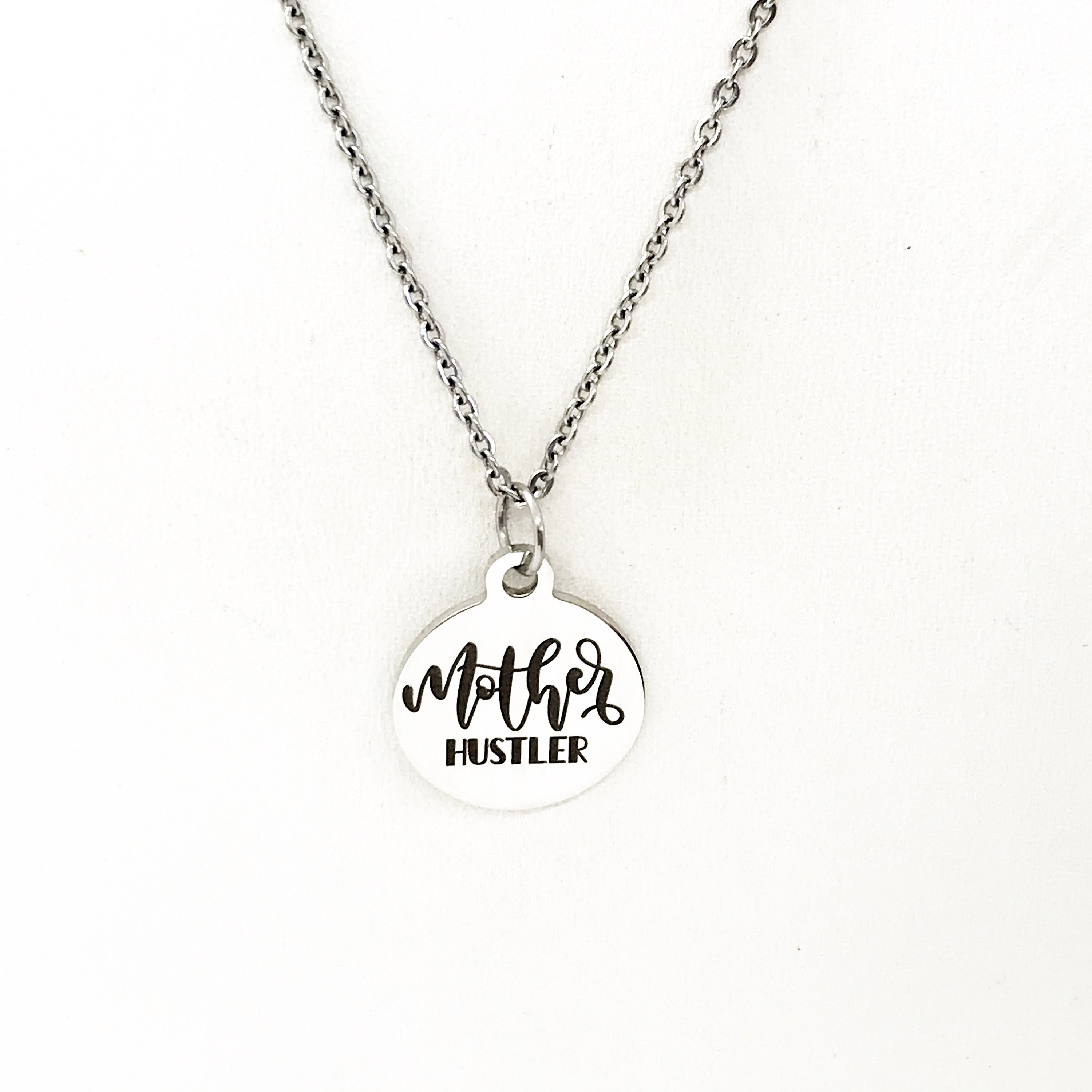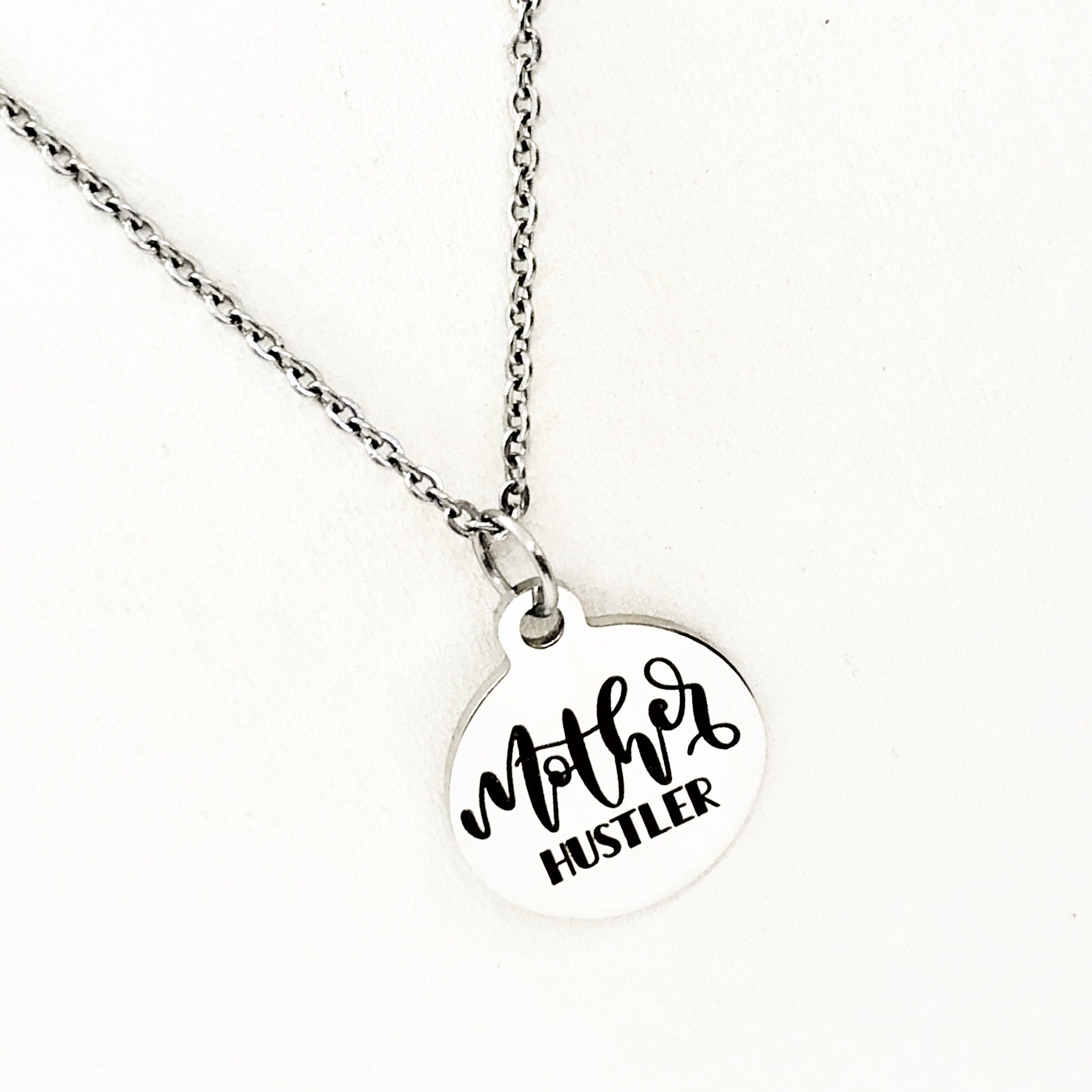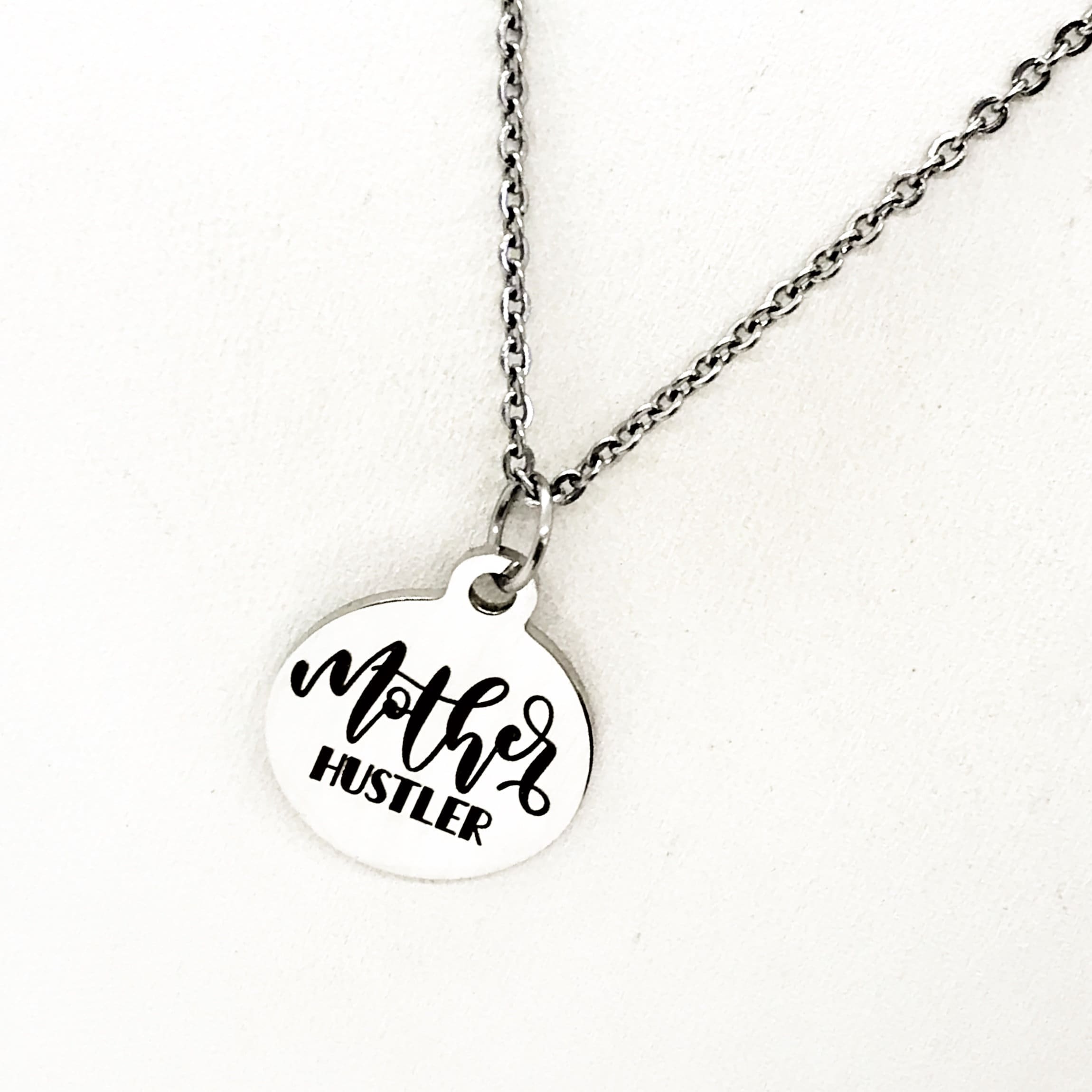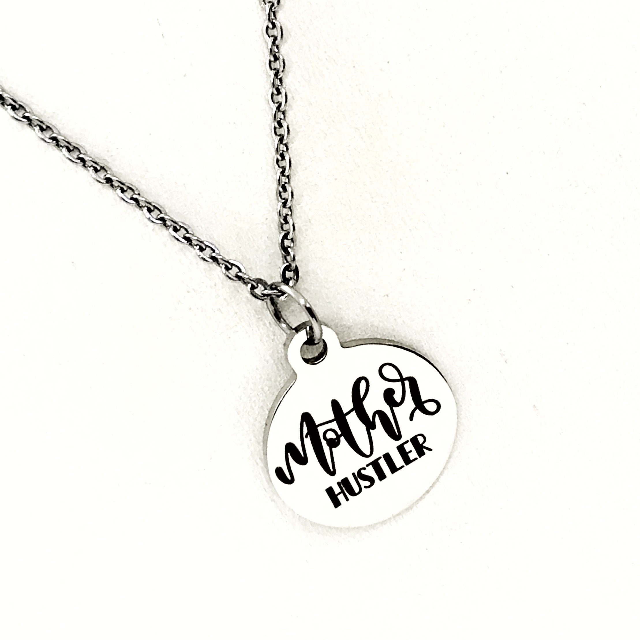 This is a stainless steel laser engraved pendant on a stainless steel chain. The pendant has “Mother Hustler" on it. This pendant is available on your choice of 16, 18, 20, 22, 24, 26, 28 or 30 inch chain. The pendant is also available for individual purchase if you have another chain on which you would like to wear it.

▬▬▬▬▬▬▬▬▬▬

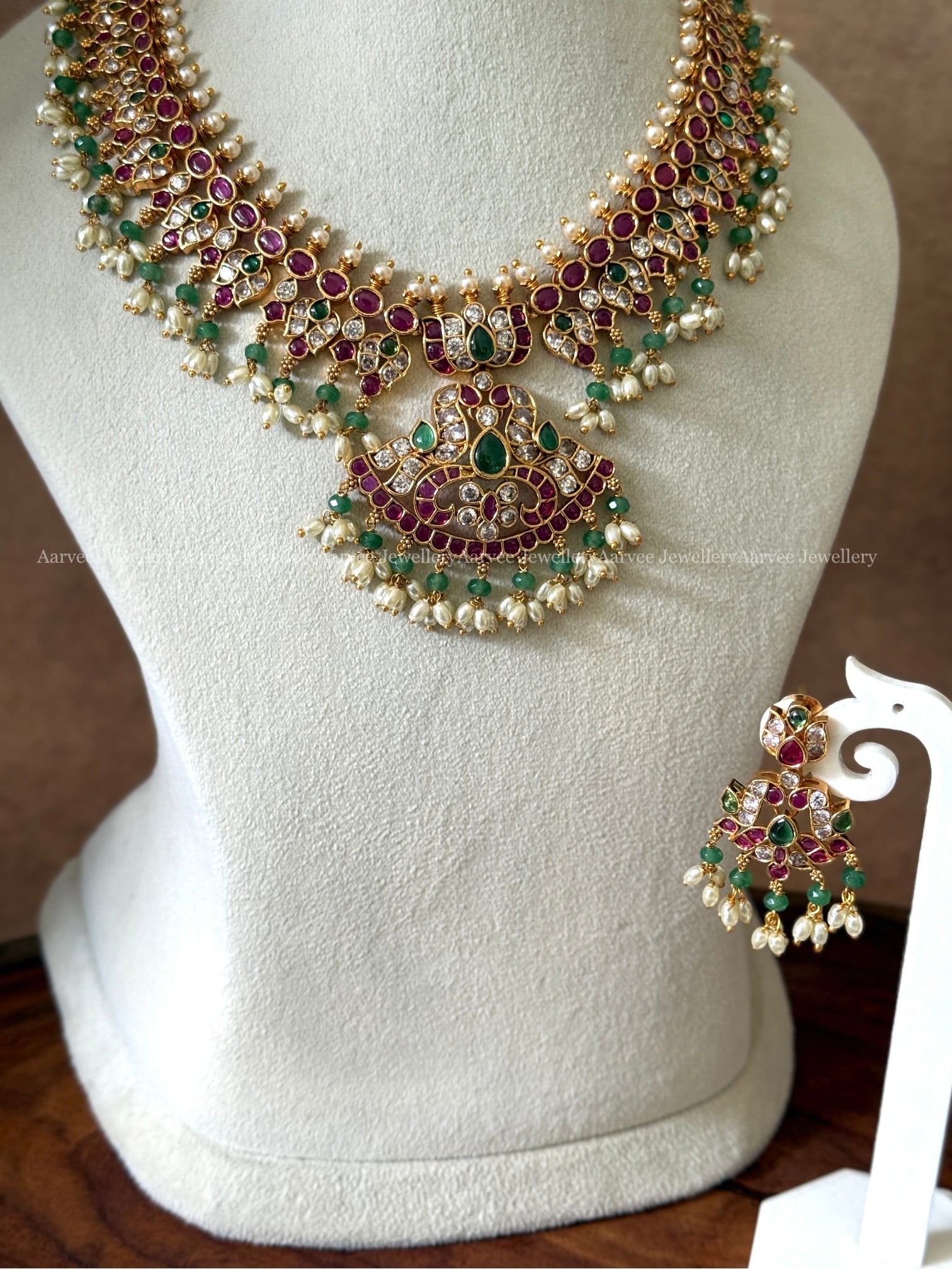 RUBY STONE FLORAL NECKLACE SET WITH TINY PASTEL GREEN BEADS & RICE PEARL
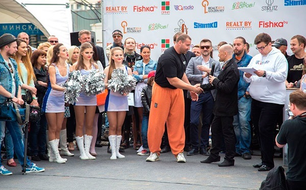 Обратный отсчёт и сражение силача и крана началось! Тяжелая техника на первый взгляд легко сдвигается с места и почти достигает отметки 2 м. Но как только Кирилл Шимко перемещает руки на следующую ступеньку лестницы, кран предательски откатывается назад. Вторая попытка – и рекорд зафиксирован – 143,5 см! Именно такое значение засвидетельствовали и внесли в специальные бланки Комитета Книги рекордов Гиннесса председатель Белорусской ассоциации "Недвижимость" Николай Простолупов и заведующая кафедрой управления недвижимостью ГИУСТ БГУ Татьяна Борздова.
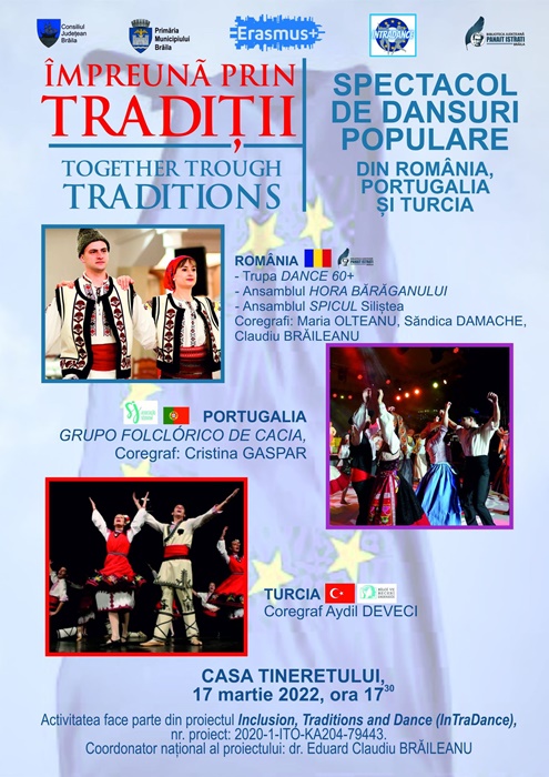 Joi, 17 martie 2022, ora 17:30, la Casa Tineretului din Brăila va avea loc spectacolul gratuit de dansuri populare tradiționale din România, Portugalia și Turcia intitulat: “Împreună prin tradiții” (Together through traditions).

▬▬▬▬▬▬▬▬▬▬

- [PROBLEM TO SOLVE]: In the entries above, find the line containing "Обратный отсчёт и" and the line containing "Joi, 17 martie"; give again exactly those two lines and every line between them, minus the pictures.

- [RESULT OF THIS EXERCISE]:
 Обратный отсчёт и сражение силача и крана началось! Тяжелая техника на первый взгляд легко сдвигается с места и почти достигает отметки 2 м. Но как только Кирилл Шимко перемещает руки на следующую ступеньку лестницы, кран предательски откатывается назад. Вторая попытка – и рекорд зафиксирован – 143,5 см! Именно такое значение засвидетельствовали и внесли в специальные бланки Комитета Книги рекордов Гиннесса председатель Белорусской ассоциации "Недвижимость" Николай Простолупов и заведующая кафедрой управления недвижимостью ГИУСТ БГУ Татьяна Борздова.
 Joi, 17 martie 2022, ora 17:30, la Casa Tineretului din Brăila va avea loc spectacolul gratuit de dansuri populare tradiționale din România, Portugalia și Turcia intitulat: “Împreună prin tradiții” (Together through traditions).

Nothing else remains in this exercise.